Khushbu* lives in a remote village in Alirajpur district of Madhya Pradesh. Eight siblings, and parents and grandparents make up this big family. Khushbu is the youngest child and is the centre of the entire family’s attention, she is also the luckiest because she is the only child who has had the opportunity to attend school.

“My eldest child, a daughter, who is now married, went to school for a few months after we enrolled her in the first grade. We asked her to discontinue when her mother was pregnant with our second child. Then there were more children, so she could never attend school. We got her married early. All the elder siblings stayed home to help their mother with domestic work or to help me with farm and labour jobs. In that sense, Khushbu being the youngest was very lucky to continue with school until the 5th grade, “narrated Khushbu’s father when an Educate Girls’ Field Co-ordinator Rakesh enquired about Khushbh’s absence from school during a door-to-door survey.

Unfortunately, Khushbu had to drop out after five years of schooling. It is quite the norm to see girls drop out to help their mother. But in Khushbu’s case, she was asked to help her eldest sister at her marital home instead. “My eldest daughter’s family was struggling to make ends meet. So she asked if Khushbu could help her with the household work and babysitting while she stepped out to earn a living. I had to agree. I wasn’t very happy sending Khushbu away but I couldn’t help.”

When Field Co-ordinator Rakesh told Khushbu’s father that he should summon her right away and send her to school, he responded, “I would love to but what’s the point? The upper primary school is far away and there is a gutter that needs to be crossed. It’s huge and difficult to be crossed. Moreover, it gets flooded during monsoons, which can be very risky.  So if she can’t go to school, she might as well help her sister.”

To this Rakesh replied that Khushbu could be enrolled in the upper primary school in the adjoining village as that would be a safer route to travel. Hearing this, Khushbu’s father exclaimed, “Is that even possible? I would love to. I always thought that each school is meant for only the children of that particular village. If this is possible, I will call her back next week.”

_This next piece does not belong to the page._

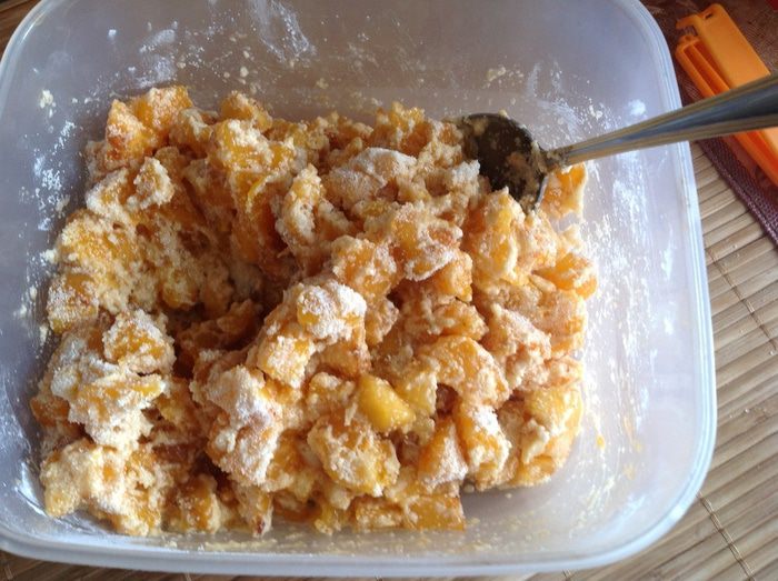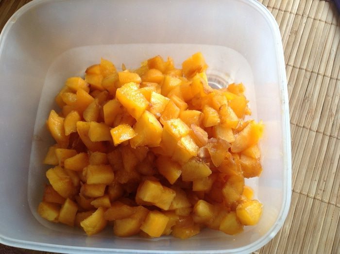 Абрикосы положить в кипяток на 30 секунд, чтобы легче было снять кожицу. Кожу снять, косточки удалить, а мякоть разрезать на мелкие кубики.

Rakesh says, “This was the easiest enrolment as far as my experience with Educate Girls is concerned. Sometimes all it takes is just a quick conversation to clear a major misconception that someone may have.”

Khushbu was re-enrolled in Grade 8 after a gap of three years and today she is the “happiest girl around” as her father proudly puts it.

Educate A Child (EAC), a global programme of the Education Above All (EAA) Foundation, has partnered with Educate Girls to identify out of school children like Khushbu to ensure that that they have access to quality primary education.

With the support of EAC, Educate Girls has been working in some of the most remote and marginalised communities of India, providing over 215,000 formerly out of school children (OOSC) an opportunity to learn, thereby contributing directly to the UN’s SDG 4 and indirectly impacting a number of other SDGs.